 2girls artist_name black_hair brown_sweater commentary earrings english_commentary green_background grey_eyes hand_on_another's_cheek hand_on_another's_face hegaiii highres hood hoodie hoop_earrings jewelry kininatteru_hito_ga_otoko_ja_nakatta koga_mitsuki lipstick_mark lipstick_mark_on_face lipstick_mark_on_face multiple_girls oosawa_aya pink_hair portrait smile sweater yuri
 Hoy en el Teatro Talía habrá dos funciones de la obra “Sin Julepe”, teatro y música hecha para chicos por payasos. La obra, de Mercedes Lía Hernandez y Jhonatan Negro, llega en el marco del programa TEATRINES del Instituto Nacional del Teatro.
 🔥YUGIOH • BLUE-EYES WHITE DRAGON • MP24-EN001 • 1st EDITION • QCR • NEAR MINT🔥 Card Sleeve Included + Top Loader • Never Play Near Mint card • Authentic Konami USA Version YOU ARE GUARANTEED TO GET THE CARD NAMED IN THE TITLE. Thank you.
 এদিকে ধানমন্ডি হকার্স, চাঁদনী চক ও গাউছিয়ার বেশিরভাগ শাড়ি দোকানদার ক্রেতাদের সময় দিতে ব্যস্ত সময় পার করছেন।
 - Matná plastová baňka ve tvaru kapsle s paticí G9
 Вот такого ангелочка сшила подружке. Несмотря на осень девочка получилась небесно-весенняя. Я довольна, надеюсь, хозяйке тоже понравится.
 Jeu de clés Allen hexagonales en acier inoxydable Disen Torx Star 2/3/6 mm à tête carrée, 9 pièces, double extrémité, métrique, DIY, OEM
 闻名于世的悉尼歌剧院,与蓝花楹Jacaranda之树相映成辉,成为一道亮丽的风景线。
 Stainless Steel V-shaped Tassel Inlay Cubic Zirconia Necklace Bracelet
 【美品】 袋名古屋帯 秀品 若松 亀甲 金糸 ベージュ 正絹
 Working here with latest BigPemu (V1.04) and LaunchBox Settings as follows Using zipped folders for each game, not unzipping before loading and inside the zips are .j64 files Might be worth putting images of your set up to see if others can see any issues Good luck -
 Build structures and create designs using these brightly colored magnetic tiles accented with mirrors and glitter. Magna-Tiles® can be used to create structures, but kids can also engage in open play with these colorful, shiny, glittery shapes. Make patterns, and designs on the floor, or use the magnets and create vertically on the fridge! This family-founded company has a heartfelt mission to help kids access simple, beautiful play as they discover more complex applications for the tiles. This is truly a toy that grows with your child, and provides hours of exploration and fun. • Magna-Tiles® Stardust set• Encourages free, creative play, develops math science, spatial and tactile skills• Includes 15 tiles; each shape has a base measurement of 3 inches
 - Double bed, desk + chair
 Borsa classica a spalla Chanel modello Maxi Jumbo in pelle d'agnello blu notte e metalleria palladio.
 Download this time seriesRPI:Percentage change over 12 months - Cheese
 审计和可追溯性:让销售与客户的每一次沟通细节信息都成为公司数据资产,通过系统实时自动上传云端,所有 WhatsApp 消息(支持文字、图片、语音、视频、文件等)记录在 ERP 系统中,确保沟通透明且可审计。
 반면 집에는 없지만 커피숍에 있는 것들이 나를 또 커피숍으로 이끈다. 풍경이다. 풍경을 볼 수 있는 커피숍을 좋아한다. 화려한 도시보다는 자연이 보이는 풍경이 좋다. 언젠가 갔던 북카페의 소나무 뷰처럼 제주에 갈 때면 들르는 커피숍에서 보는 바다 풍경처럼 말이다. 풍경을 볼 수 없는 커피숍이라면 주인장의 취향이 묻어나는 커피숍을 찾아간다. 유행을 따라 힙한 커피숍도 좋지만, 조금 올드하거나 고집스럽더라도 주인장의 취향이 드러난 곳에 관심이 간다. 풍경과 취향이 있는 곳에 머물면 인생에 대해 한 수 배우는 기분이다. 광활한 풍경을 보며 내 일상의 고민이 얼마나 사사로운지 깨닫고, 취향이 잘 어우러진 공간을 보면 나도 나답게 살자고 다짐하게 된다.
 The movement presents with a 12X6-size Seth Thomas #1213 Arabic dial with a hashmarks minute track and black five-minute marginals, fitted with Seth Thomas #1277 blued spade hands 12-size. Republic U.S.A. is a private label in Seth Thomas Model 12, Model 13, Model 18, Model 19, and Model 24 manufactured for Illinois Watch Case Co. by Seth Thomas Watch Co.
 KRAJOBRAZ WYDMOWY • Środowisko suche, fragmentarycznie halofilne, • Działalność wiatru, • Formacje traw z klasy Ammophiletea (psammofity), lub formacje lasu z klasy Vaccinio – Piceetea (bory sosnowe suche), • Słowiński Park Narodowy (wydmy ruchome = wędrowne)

▸ BRIEF: The reply should hold only the lines of the listing above starting at the line containing "Вот такого ангелочка" and ending at the line containing "闻名于世的悉尼歌剧院,与蓝花", exactly as written.

▸ TASK OUTPUT:
 Вот такого ангелочка сшила подружке. Несмотря на осень девочка получилась небесно-весенняя. Я довольна, надеюсь, хозяйке тоже понравится.
 Jeu de clés Allen hexagonales en acier inoxydable Disen Torx Star 2/3/6 mm à tête carrée, 9 pièces, double extrémité, métrique, DIY, OEM
 闻名于世的悉尼歌剧院,与蓝花楹Jacaranda之树相映成辉,成为一道亮丽的风景线。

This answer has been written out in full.